Machine Learning (Theory)

10/26/2012

ML Symposium and Strata/Hadoop World

Tags: Conferences,Workshop jl@ 11:40 am

The New York ML symposium was last Friday. There were 303 registrations, up a bit from last year. I particularly enjoyed talks by Bill Freeman on vision and ML, Jon Lenchner on strategy in Jeopardy, and Tara N. Sainath and Brian Kingsbury on deep learning for speech recognition. If anyone has suggestions or thoughts for next year, please speak up.

I also attended Strata + Hadoop World for the first time. This is primarily a trade conference rather than an academic conference, but I found it pretty interesting as a first time attendee. This is ground zero for the Big data buzzword, and I see now why. It’s about data, and the word “big” is so ambiguous that everyone can lay claim to it. There were essentially zero academic talks. Instead, the focus was on war stories, product announcements, and education. The general level of education is much lower—explaining Machine Learning to the SQL educated is the primary operating point. Nevertheless that’s happening, and the fact that machine learning is considered a necessary technology for industry is a giant step for the field. Over time, I expect the industrial side of Machine Learning to grow, and perhaps surpass the academic side, in the same sense as has already occurred for chip design. Amongst the talks I could catch, I particularly liked the Github, Zillow, and Pandas talks. Ted Dunning also gave a particularly masterful talk, although I have doubts about the core Bayesian Bandit approach(*). The streaming k-means algorithm they implemented does look quite handy.

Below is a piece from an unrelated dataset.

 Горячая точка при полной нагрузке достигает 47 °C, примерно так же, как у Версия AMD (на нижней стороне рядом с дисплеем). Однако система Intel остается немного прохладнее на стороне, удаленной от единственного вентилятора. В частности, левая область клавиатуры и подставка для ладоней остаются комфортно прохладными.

(*) The doubt is the following: prior elicitation is generally hard, and Bayesian techniques are not robust to misspecification. This matters in standard supervised settings, but it may matter more in exploration settings where misspecification can imply data starvation.

5 Comments to “ML Symposium and Strata/Hadoop World”
  1. Ted Dunning says:

    Aw shucks, John. I hate to dispute anything you say after this.

    BUT …

    The Bayesian Bandit term is a unifying sort of code name for presenting Thompson sampling (randomized probability matching) to a lay audience. Thompson sampling is well established in the literature both empirically and with fairly tight theoretical bounds relative to optimal regret. I have been able to replicate the empirical results quite easily.

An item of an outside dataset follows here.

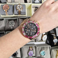 The enchanting Everest MK6972 women's wristwatch by Michael Kors combines a 42mm round rose gold-tone stainless steel case with a transparent and dark berry baguette bezel and a rose gold-tone stainless steel bracelet with a push-button clasp. It has a black dial with a chronograph display and a date window, which is protected under a mineral crystal glass and attractive white and pink stones on the crown. The unique look attracts ladies, and the quartz mechanism and quality make this watch a favorite accessory for everyday wear.

    The Bayesian methods used are simply an easy way to sample from a distribution defined by an integral equivalent to the Bayesian posterior. This admits a rather clever solution that avoids the need to evaluate the integral directly. The prior distributions used are typically quite weak and are easily shown to have very little effect on the cumulative regret when even slightly plausible priors are used. This is hardly surprising since the priors in question are typically equivalent to only a few trials and thus a well-tuned prior is only likely to accelerate convergence by a trivial amount.

    As such, questions of the difficulty of prior elicitation are pretty much moot since it doesn’t much matter, at least in direct bandit problems.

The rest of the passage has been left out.